宣和画谱 Network Visualizations

Evan Jones

UCSC - HAVC 122D

In this project, I wanted to explore analyzing data extracted from the Xuanhe catalog. I focused on 3 aspects: direct connections between artists, connections via shared location, and connections via shared subjects. I found these three to be the most interesting, because they are based on information readily available in the catalog, due to the highly regular format of the entries.

Note

Click on the images to open in a new tab, which allows zooming in.

Artist References

Many entries in the catalog mention other artists, either as teachers, students, or just contemporaries. You can think about this as a directed graph, where each artist is a node and the edges are mentions referencing another artist.
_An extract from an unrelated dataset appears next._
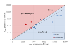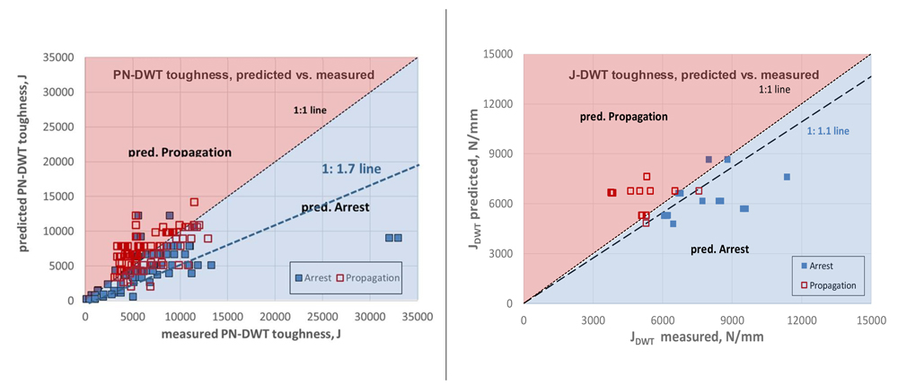 Figure 8 shows the predictions for arrest and running fracture based on the material toughness measured and evaluated by the modified BTC model. The prediction based on the J-DWT toughness measure is noticeably more accurate than based solely on the PN-DWT energy.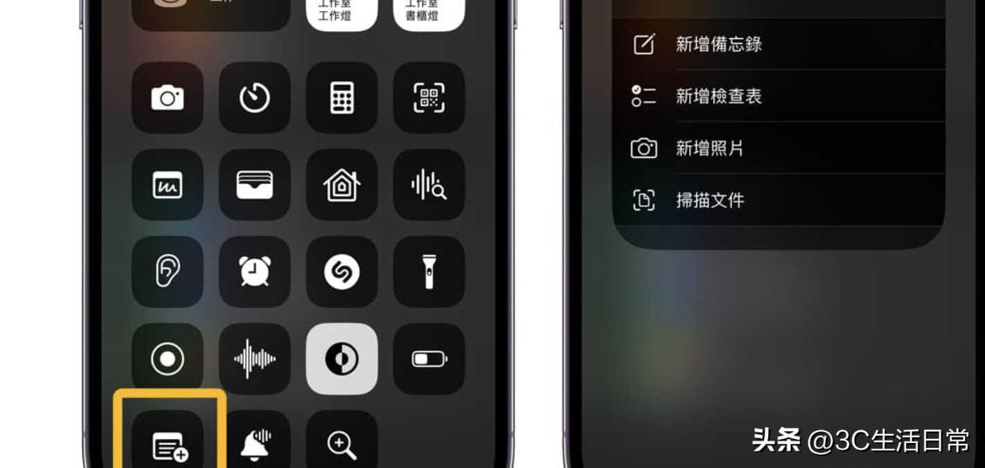 打开“设置”,点击“控制中心”,添加“备忘录”,下滑“控制中心”,长按“备忘录”,点击“扫描文件”就可以快速扫描文件。

The nodes can be found with simply the names of all artists. Then, the edges can be determined by searching the text of each artists entry for the names of all other artists.

I then imported the graph data into Gephi, a FOSS network visualization tool, and ran the Page Rank algorithm, which is a decent proxy for how influential one of the nodes is. Influence is determined by how many references other nodes make to it, weighted by the influence of the referring node. The size of the node label is proportional to the page rank.

The visual interpretation is that nodes close to each other are more connected through references, and distant nodes only connect to each other through a chain of references.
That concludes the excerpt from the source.